The Beginning of the End

We all like to have a narrative: a clear sense of a beginning and a middle and an end. We like to be able to pinpoint events, to be able to say, ‘That was when it all started, and from there this happened and this happened and now it is all over.’ It is neat and tidy that way. We can understand things better when they happen in an ordered, linear way, and we much prefer it when life follows that pattern.

Some things are certainties. Death is one of them. My sister and I know the end of our most recent story, because we know when Dad died: 06:50, 28th July 2015.

We also know the date of his diagnosis, but that was not the true beginning of the story. This is something we still don’t know, even though we ask each other the same question over and over: ‘When did it all start to go wrong?’

It is tempting to think it all started on 12th May 2013. On that day, my mum’s brother called me. He never calls, so that in itself was enough to set off alarm signals. He is a doctor and had just spent a week with Mum and Dad in France. He called to say that he was concerned about Mum, that her behaviour had become manic and that he was worried that Dad was exhausted. He was also shocked because Mum had called my cousin to say, ‘Happy Birthday’, and had ended by casually mentioning that she had given herself third degree burns while cleaning the oven with her bare hands, using caustic soda.

‘She is entering a phase which I would say is borderline delusional and is no longer simply depressed,’ he said. ‘I am afraid you are going to have to step in and take control. She needs to go to hospital for some respite, but your father is not listening.’

I knew he was right. I had been waiting for this moment.

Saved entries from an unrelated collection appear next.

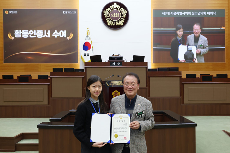 최호정 의장은 “십대의 눈으로 세상을 읽어내고, 십대의 해법으로 각자의 목소리를 내준 덕분에 지방자치와 민주주의의 가치가 한 층 더 성숙되었다”며, “이번 청소년의회 활동이 여러분의 미래를 밝히는 소중한 밑거름이 되기를 바란다”고 밝혔다.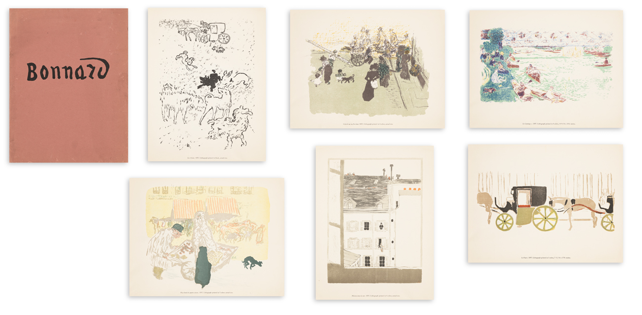 Cartella contenente 5 riproduzioni di Pierre Bonnard, nello specifico le tavole 2, 3, 4 e 5 dalla cartella "Quelques aspects de la vie de Paris"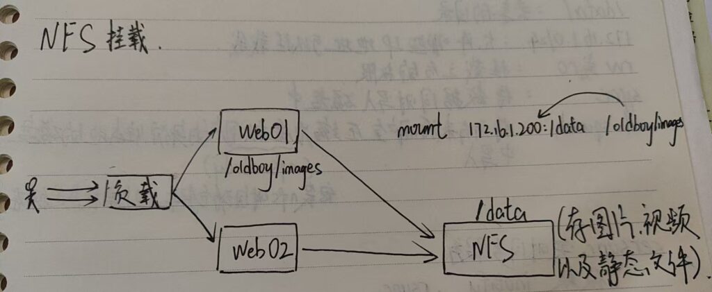 • 用户在web01服务器上传数据到 /oldboy/images/ 时,实际上是把数据上传到NFS服务器的 /data/ 目录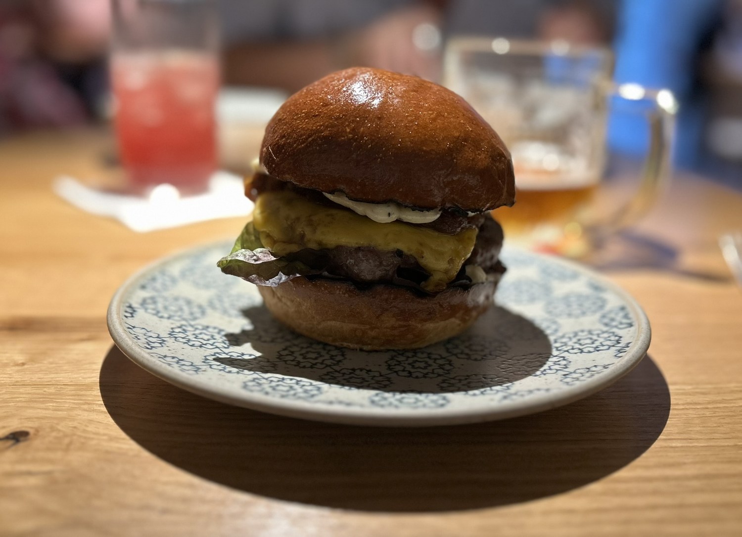 The matured beef burger, bacon jam, cheddar, truffle mayonnaise, salad, pickled cucumber (375 Kč) is on a par with some of the best burgers in Prague.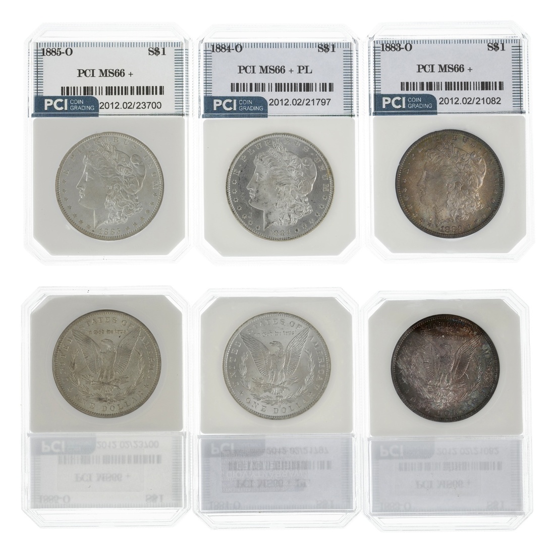Trio of New Orleans mint Morgan Dollars. 1883-O, 1884-O, and 1885-O. All in 2012 PCI holders as MS 66+. The first attractively toned, light stacking marks. Choice BU, the second obverse bagmarks, frosty white, Choice BU. The latter Very Choice BU. (3)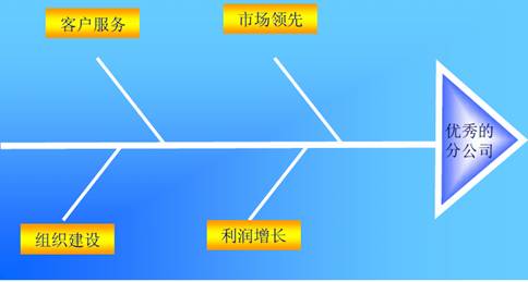 在選擇分公司KPI指標的時候,我們首先運用魚骨圖對于企業(yè)的關鍵成功要素進行了分析,關鍵成功要素是保證企業(yè)組織目標實現(xiàn)的重要保證,而這些關鍵成功要素也就是企業(yè)保持市場競爭力的關鍵環(huán)節(jié),必須予以格外的重視,也就是企業(yè)的關鍵績效領域。企業(yè)要想達成組織目標,必須把在這些關鍵領域保持較高的水平。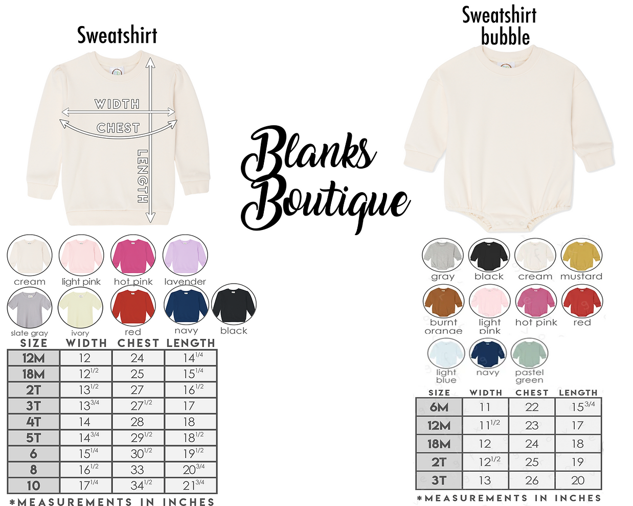 Pictured on a light blue bubble romper with light pink thread. Please leave the first + middle name personalization in the special instructions box on the cart page prior to checkout. If you'd like a different color sweatshirt and/or thread color, please refer to the color chart and leave a note in the special instructions box on the cart page prior to checkout.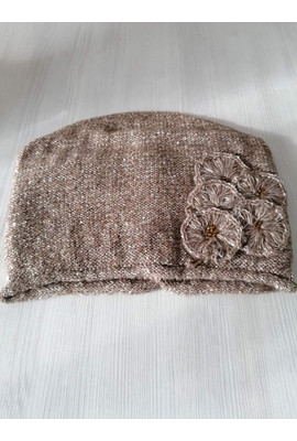 Шапка с внутренним отворотом из меланжевой пряжи с пайетками. Украшена цветами ажурной вязки из основной пряжи с бисером.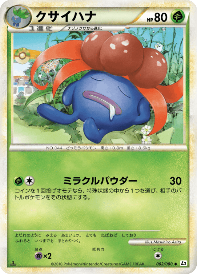 Miracle Powder30Cost: 2コインを1回投げオモテなら、特殊状態の中から1つを選び、相手のバトルポケモンをその状態にする。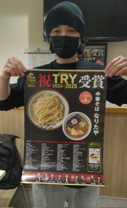 TRYラーメン大賞受賞のポスターが届きましたとてもかっこいいです額縁に入れて店内に飾ります!TRY編集部様、素晴らしいポスターをありがとうございます
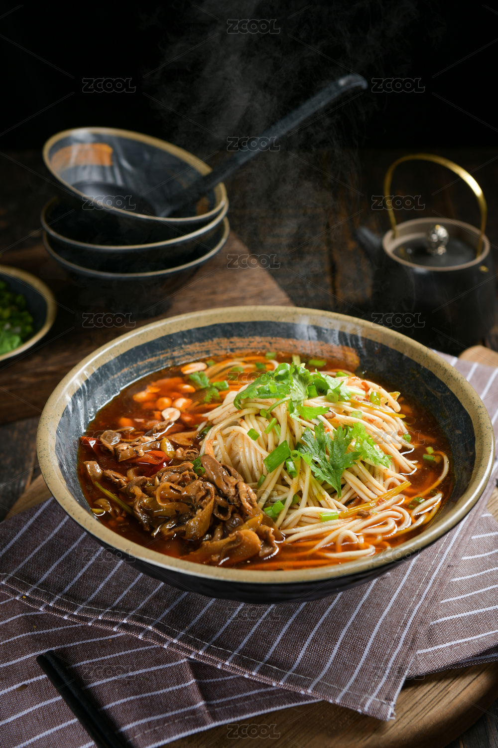青花瓷大碗里的麻辣牛肉面重庆小面
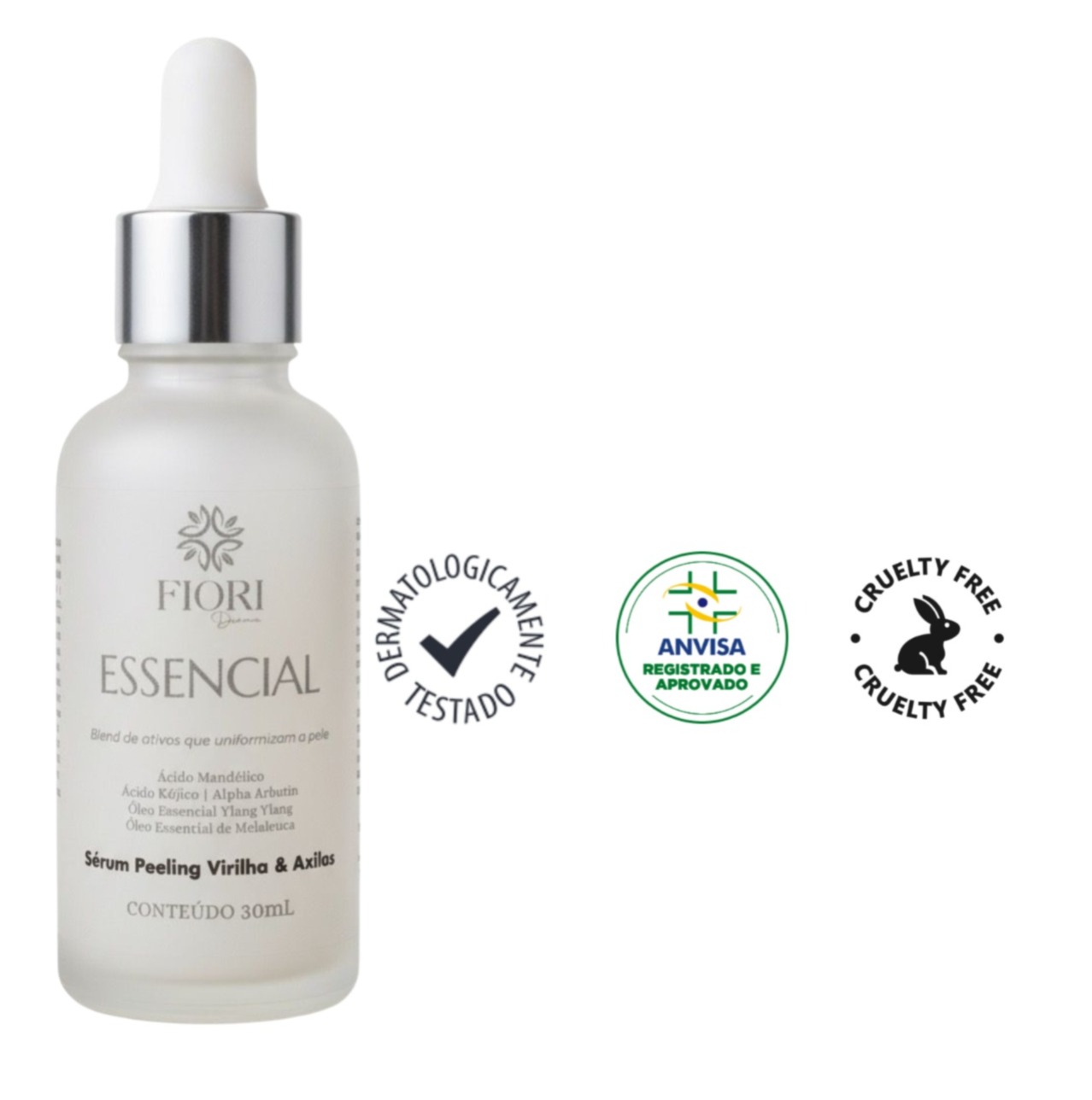 Formulado especialmente para regiões delicadas como virilha e axilas, o Sérum Peeling Fiori Derma combina tecnologia e ingredientes naturais para uniformizar o tom da pele, melhorar a textura e estimular a renovação celular, sem agredir.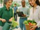 Líderes ecológicos del Ecobarrio La Esmeralda disfrutando de una conversación en los espacios verdes de su territorio.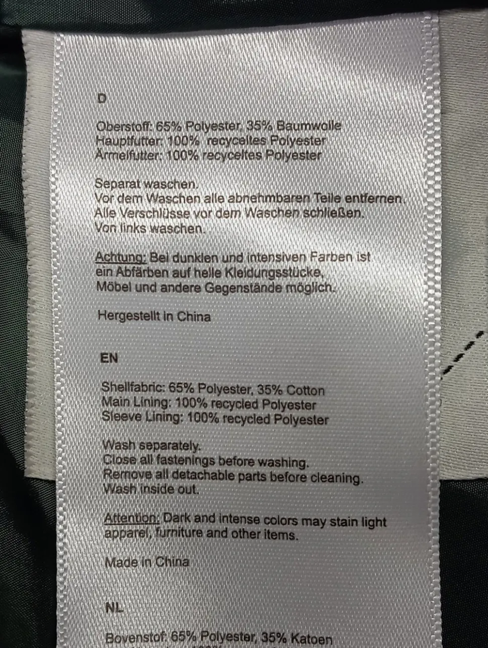 - Außenmaterial: 65% Polyester, 35% Baumwolle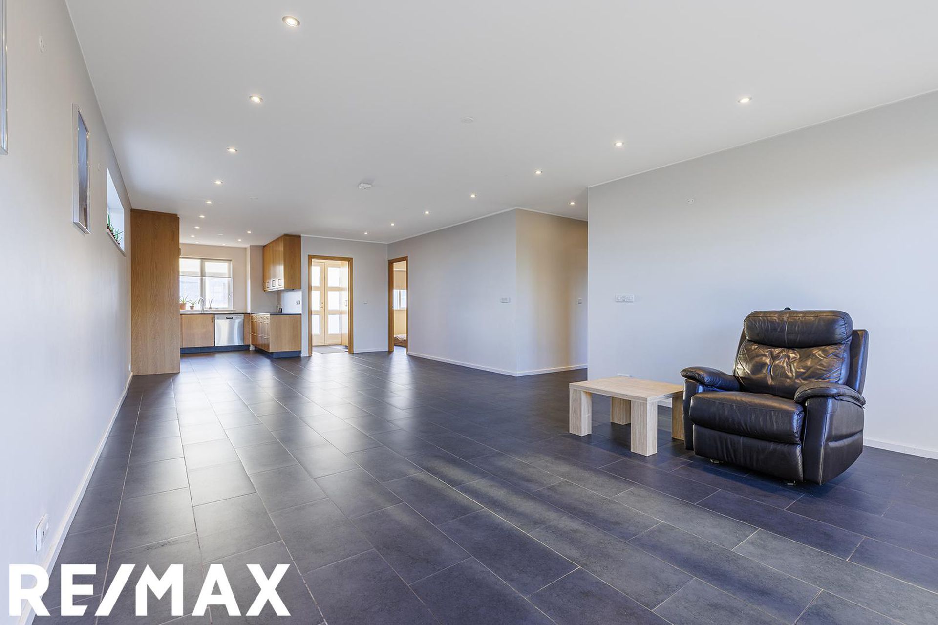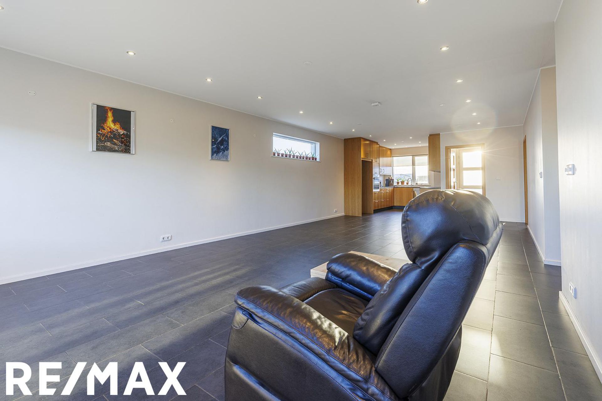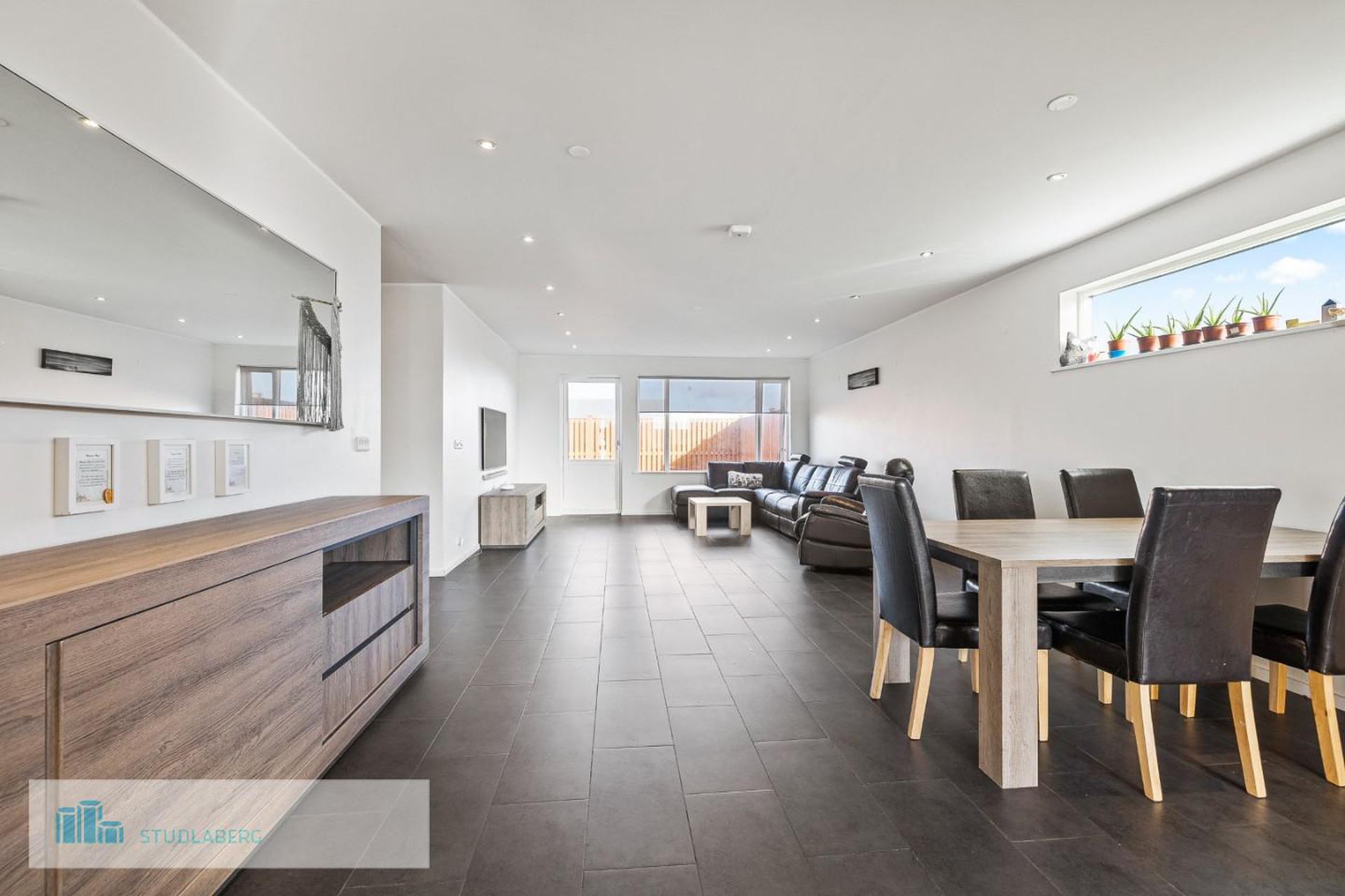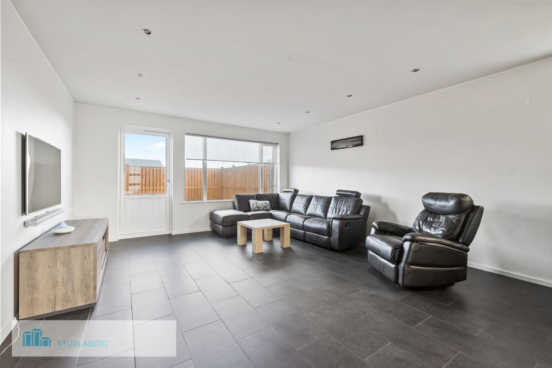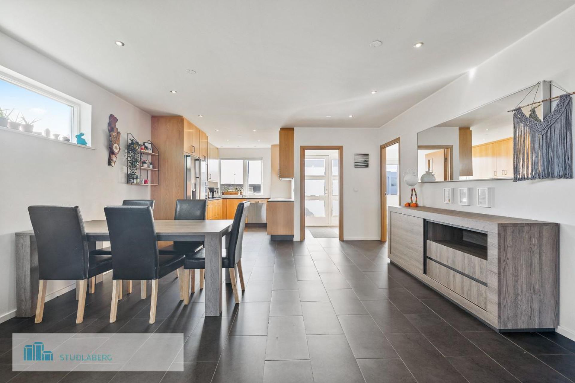 Stofa og borðstofa: Er í alrými með eldhúsi. Bjart og með útgengt út á stóra verönd ca 70 m2 með heitum potti. Útgengi út í garð frá verönd.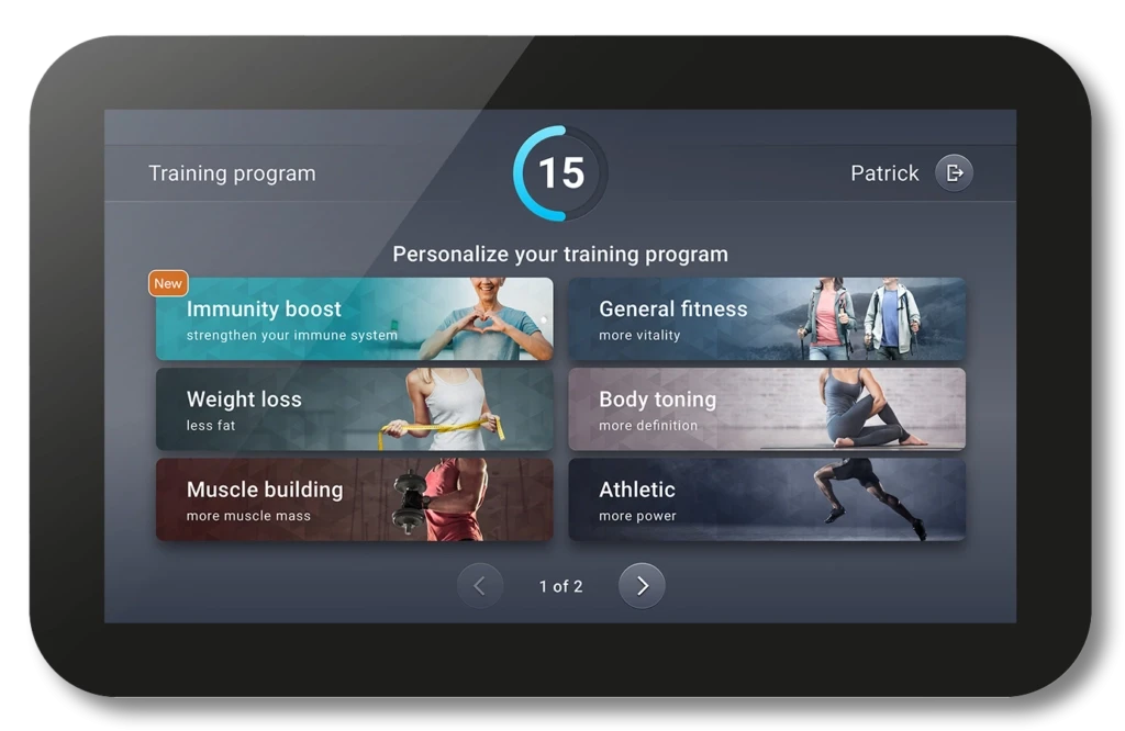 Je nach gewähltem eGym Trainingsprogramm variieren sowohl die Trainingsmethoden als auch die Parameter Gewicht, Wiederholungszahl, Bewegungsgeschwindigkeit und Dauer. Sie werden individuell für Dich berechnet. Abnehmen, Allgemeine Fitness, Athletik, Figurtraining, Metabolic Fit, Muskelaufbau, Reha Fit – wähle Dein Ziel und los geht’s!

I put down the phone and felt the walls close in.

Mum had been so difficult in recent months that eventually, after repeated attempts to convince her and Dad that she needed professional help, I had had to cut off contact to preserve my own sanity. By early May 2013, Dad and I had just about patched things up enough to keep up a stream of polite chit-chat on the phone, but I had not been able to bring myself to visit.

Two days after my uncle’s call, and many family phone calls later, I called Dad to try one last time to persuade him to take Mum to hospital.

There was a pause in which I thought he was preparing himself to tell me, as he always did, that I shouldn’t worry and that ‘everything was fine’. Instead the sound that came down the line was a howl like that of a wounded animal. I was so frightened, I handed the phone to my husband.

‘Go. Go now,’ he said.

Three long days and nights later Mum had been seen by a psychiatrist in A & E, was on anti-psychotic drugs, had been referred to a mental health unit and was having daily home visits to monitor her care.

Is this when it all started? Is this what caused Dad’s cancer and death? In our darker moments, my sister and I have both confessed to one another that we think it did.

Of course we will never truly know, but I am certain of one thing: on that day in May three years ago, it certainly felt like the beginning of the end for our family.